Here's the search documentation: https://dev.twitter.com/rest/reference/get/search/tweets




### Streaming live tweets in real time 

In [None]:
# Twitter limits simultaneous connections to the streaming API,
# so this part may not work using the demo API keys during class

endpoint = 'statuses/filter'
params = {'locations': '-180,-90,180,90'}
r = api.request(endpoint, params)

# 'enumerate' lets us count tweets as we receive them

for i, tweet in enumerate(r.get_iterator()):
    print tweet['created_at']
    print tweet['place']['full_name'] + ', ' + tweet['place']['country']
    print tweet['text'] + '\n'
    if (i > 20): break

r.close()  # close streaming connection

### Loading tweets into a dataframe

In [None]:
# first, save some tweets to an array instead of just printing them

r = api.request(endpoint, params)
tweets = []

for i, tweet in enumerate(r.get_iterator()):
    if (i >= 500): break
    tweets.append(tweet)

r.close()
print len(tweets)

In [None]:
# the raw data is very messy though!

print tweets[0:5]

In [None]:
# we'll pull out some pieces into a dataframe

# first, set up a dictionary of empty arrays
d = {'place': [], 'latitude': [], 'longitude': []}

for t in tweets:
    try:
        # first check whether the fields we want exist
        _test = t['coordinates']['coordinates']
        
        # then pull out the data
        d['place'].append(t['place']['name'])
        d['latitude'].append(t['coordinates']['coordinates'][1])
        d['longitude'].append(t['coordinates']['coordinates'][0])
        
    except:
        # if the test failed, continue to next tweet
        continue

# load it into a dataframe
df = pd.DataFrame.from_dict(d)

print len(df)

In [None]:
print df.head()

In [None]:
print df.sort('place').head(12)

In [None]:
df.plot(x='longitude', y='latitude', kind='scatter')

In [None]:
# Note that when working with text strings that include characters from 
# other alphabets, you need to keep track of the text encoding.
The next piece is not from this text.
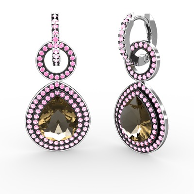 Dumanlı kuvars ve pembe kuvars 14 ayar beyaz altın küpe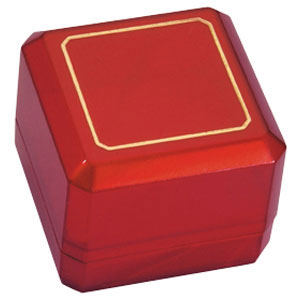 Ecrin pour bague de chez 'Jouailla 1788' (Ref: 702 295) en plastique rouge métallisé liseré doré - Dimensions: 4 x 4 x 3.2 cm - intérieur mousse blanche

# Some interesting related reading:
# - http://www.joelonsoftware.com/articles/Unicode.html

df.to_csv('saved_coords.csv', encoding='utf-8')

### Exercise for the remainder of class

Choose one:

1. Using one of the APIs from this demo, save and graph a different aspect of the data.  
   &nbsp;

2. Or, search the web for another API that provides data you're interested in. Can you figure out how to connect to it using Python code?

Some common terms for describing these APIs that operate over the web are "HTTP" and "REST". The most frequent data format they provide is JSON, but with some code modifications you can parse other formats as well.